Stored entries
····················

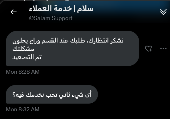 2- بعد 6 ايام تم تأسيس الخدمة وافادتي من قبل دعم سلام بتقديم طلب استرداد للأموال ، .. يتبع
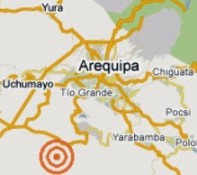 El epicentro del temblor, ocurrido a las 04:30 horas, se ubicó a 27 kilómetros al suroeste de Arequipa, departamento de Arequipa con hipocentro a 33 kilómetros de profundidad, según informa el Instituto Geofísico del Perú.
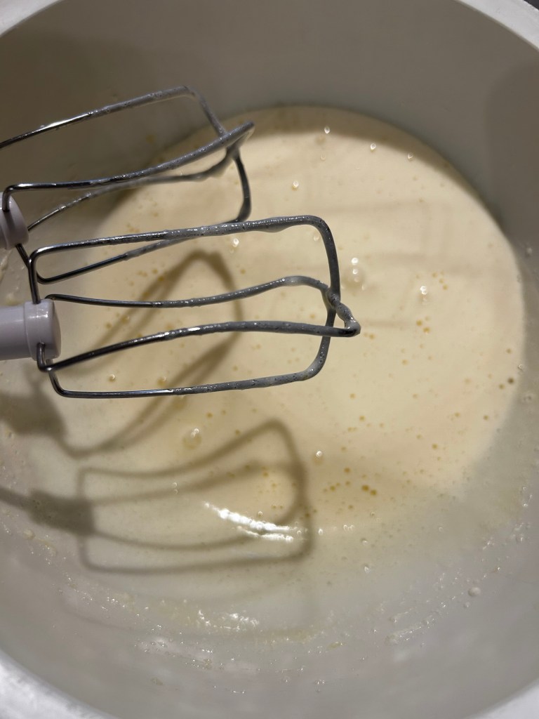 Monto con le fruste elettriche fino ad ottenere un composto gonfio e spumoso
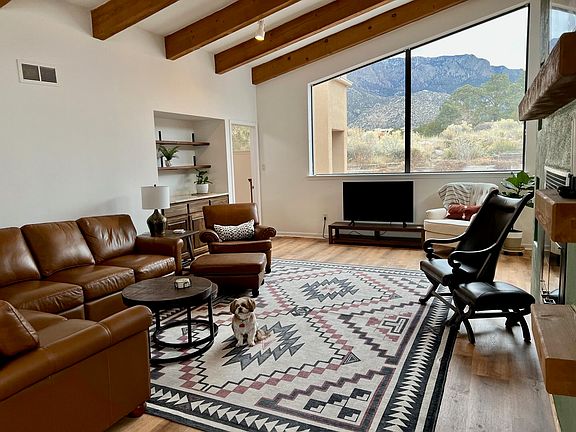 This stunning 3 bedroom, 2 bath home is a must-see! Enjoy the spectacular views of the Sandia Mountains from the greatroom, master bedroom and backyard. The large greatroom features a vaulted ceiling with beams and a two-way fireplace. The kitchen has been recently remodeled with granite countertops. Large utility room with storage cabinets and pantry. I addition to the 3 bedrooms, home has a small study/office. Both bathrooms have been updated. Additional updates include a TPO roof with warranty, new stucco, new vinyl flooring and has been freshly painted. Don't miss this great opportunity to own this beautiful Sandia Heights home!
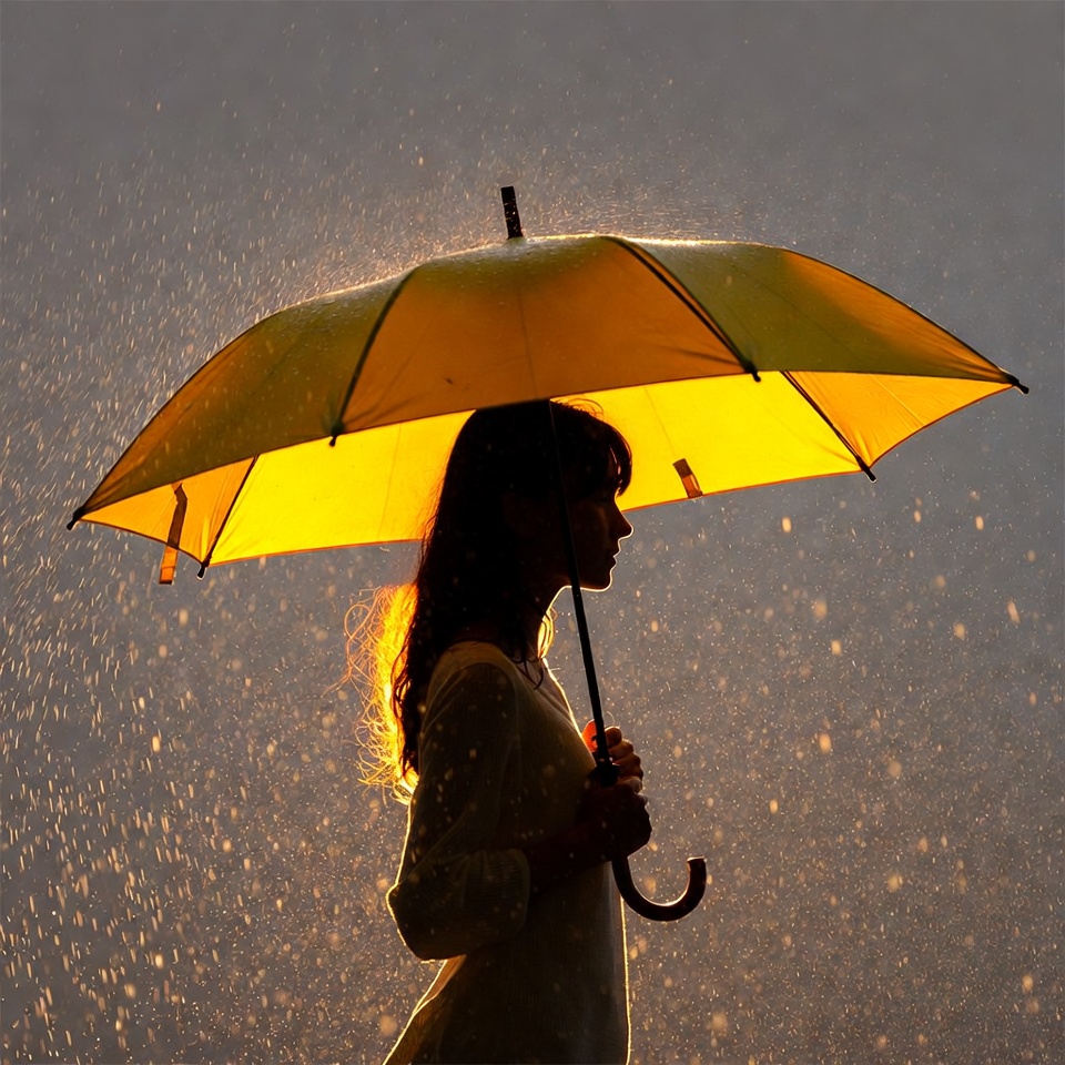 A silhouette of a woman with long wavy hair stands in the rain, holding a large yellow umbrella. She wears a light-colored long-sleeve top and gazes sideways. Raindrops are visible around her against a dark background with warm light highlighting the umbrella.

····················

• **Your task**
A verbatim copy of every entry above, with no pictures, is the expected output.

• **Task solution**
 2- بعد 6 ايام تم تأسيس الخدمة وافادتي من قبل دعم سلام بتقديم طلب استرداد للأموال ، .. يتبع
 El epicentro del temblor, ocurrido a las 04:30 horas, se ubicó a 27 kilómetros al suroeste de Arequipa, departamento de Arequipa con hipocentro a 33 kilómetros de profundidad, según informa el Instituto Geofísico del Perú.
 Monto con le fruste elettriche fino ad ottenere un composto gonfio e spumoso
 This stunning 3 bedroom, 2 bath home is a must-see! Enjoy the spectacular views of the Sandia Mountains from the greatroom, master bedroom and backyard. The large greatroom features a vaulted ceiling with beams and a two-way fireplace. The kitchen has been recently remodeled with granite countertops. Large utility room with storage cabinets and pantry. I addition to the 3 bedrooms, home has a small study/office. Both bathrooms have been updated. Additional updates include a TPO roof with warranty, new stucco, new vinyl flooring and has been freshly painted. Don't miss this great opportunity to own this beautiful Sandia Heights home!
 A silhouette of a woman with long wavy hair stands in the rain, holding a large yellow umbrella. She wears a light-colored long-sleeve top and gazes sideways. Raindrops are visible around her against a dark background with warm light highlighting the umbrella.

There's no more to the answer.